A mixture of 6.0 g (0.017 mol) of 6-bromo-1- [3,4-dimethoxy-5- (1-methylethyl) phenyl] -1-hexanone, 3.39 g (0.016 mol) of 2,4- dihydroxy-3-propylbenzoic acid methyl ester and 7.0 g (0.051 mol) of potassium carbonate in 120 ml of acetone and 12 ml of DMF were stirred under reflux for 19 hours. After further work-up as in Example 16, the crude product was purified by HPLC using 16% ethyl acetate-hexane to give 7.7 g (98% yield) of 4- [6- [3,4-dimethoxy]. -5- (1-methylethyl) phenyl] -6-oxohexyl-7-oxy-2-hydroxy-3-propylbenzoic acid methyl ester as an oil.

Example 132

A solution of 7.7 g (0.016 mol) of 4- [6- [3,4-dimethoxy-5- (1-methylethyl) phenyl) -6-oxohexyl] oxy] -2-hydroxy-3-propylbenzoic acid methyl ester 3q In 80 ml of methanol and 60 ml (0.06 mol) of 1.0 N sodium hydroxide, the mixture was stirred under reflux for 5 hours. Further work-up as in Example 24 and recrystallization of the crude product from ethyl acetate-hexane gave 6.6 g (89% yield) of 4-// 6- / 3,4-dimethoxy-5- (1 -methyl ethyl) phenyl-6-6-oxohexyl-7-oxy-2-hydroxy-3-propyl-benzoic acid.

94 92188

Example 133 2.0 g (4.2 mmol) of 4- [6-Z3,4-dimethoxy-5- (1-methylethyl) phenyl] -6-oxohexyloxy] -2-hydroxy-3- propylbenzoic acid in 200 mL of 5 methylene chloride cooled to 65 ° was added 13 mL (13 mmol) of 1.0 M boron tribromide in methylene chloride.

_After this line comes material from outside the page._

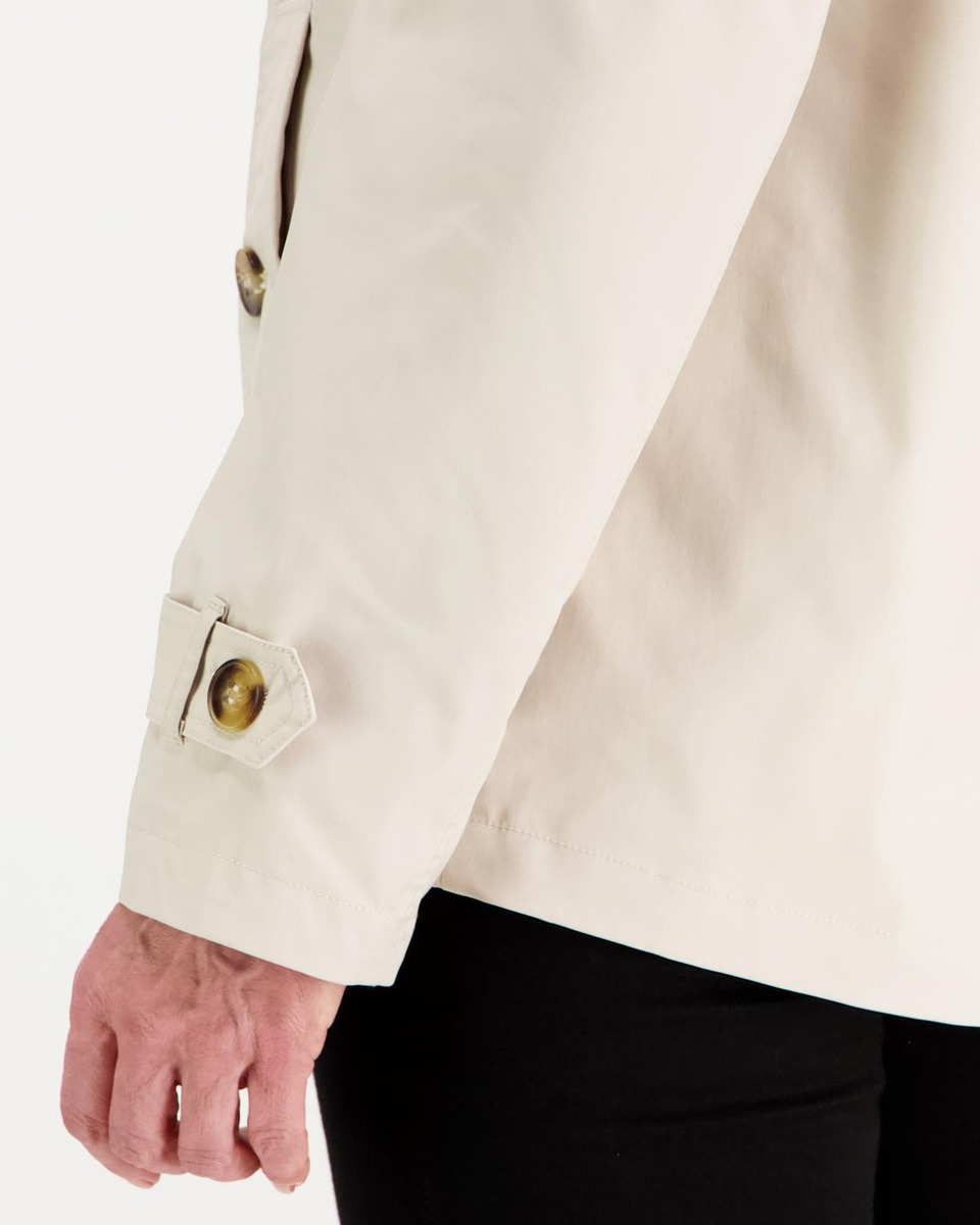Tämä tyylikäs trench-takki on täydellinen valinta sinulle, joka arvostat klassista muotoilua ja monikäyttöisyyttä. Vaalea beige sävy tuo raikkautta ja eleganssia asuun, ja huolellisesti suunnitellut yksityiskohdat, kuten nappikiinnitys, kaulus ja hihansuiden säätöremmit, tekevät takista viimeistellyn ja käytännöllisen. Pituus on noin 72 cm, mikä antaa takille kauniin siluetin ja tekee siitä helpon yhdistää niin housujen kuin mekkojen kanssa.

The suspension was stirred at -50 ° for 2 hours and then kept at -20 ° for 16 hours. Further work-up as in Example 32 and recrystallization of the crude product from ether-hexane gave 1.5 g (81% yield) of 4- ^ 6- / 3,4-dihydroxy-5- (1- methylethyl) phenyl] -6-oxohexyloxy-2-hydroxy-3-propylbenzoic acid.

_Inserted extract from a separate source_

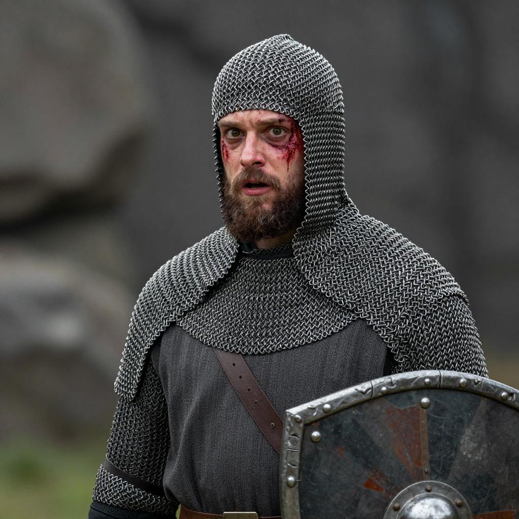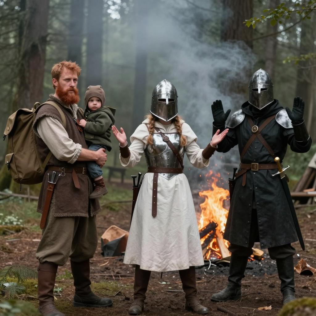 Photograph of a medieval scene. Knight with chainmail and white apron, back to camera, facing elderly man with long white beard, fur cloak, and glasses. Burning wooden structure in background, smoke rising, red embers visible. Knight's hand on sword hilt, elderly man holding cup. Misty atmosphere, broken wooden beams. Knight's stance dominant, elderly man crouched.
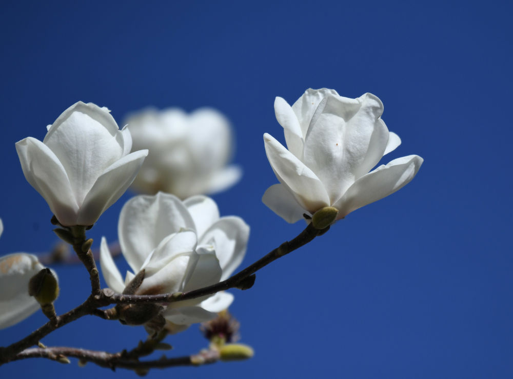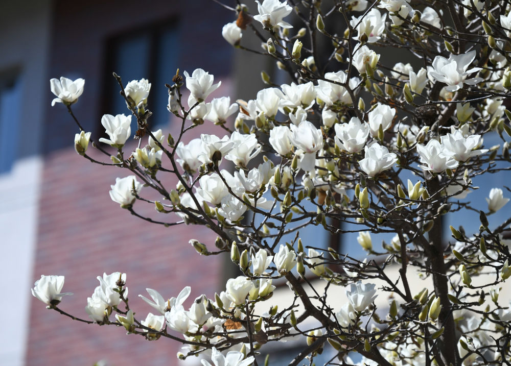 据悉,玉兰花又称白玉兰、望春花,其特点是先开花后长叶,花瓣多为白色或紫色,盛开时散发着淡淡的清香,花期一般有20天左右。

Example 134 A mixture of 2.5 g of 4- [N- [3,4-dimethoxy-5- (1-methylethyl) phenyl] -6-oxohexyl] oxy-2-hydroxy-3-propylbenzoic acid in 50 ml of tetrahydrofuran and which containing 2 drops of concentrated sulfuric acid and 0.5 g of 10% palladium on carbon, was shaken in a Parr hydrogenator 20 using an initial hydrogen pressure of 3.5 bar for 20 hours. The reaction mixture was filtered through a pad of celite, and the filtrate was concentrated under reduced pressure. The residue was dissolved in ether and washed with water. The extract was dried and concentrated to a solid which was recrystallized from hexane to give 2.4 g of a 4-10-26 ° [3,4-dimethoxy-5- (1-methylethyl) phenyl] hexyloxy] -2-hydroxy 3-propyl-benzoic acid.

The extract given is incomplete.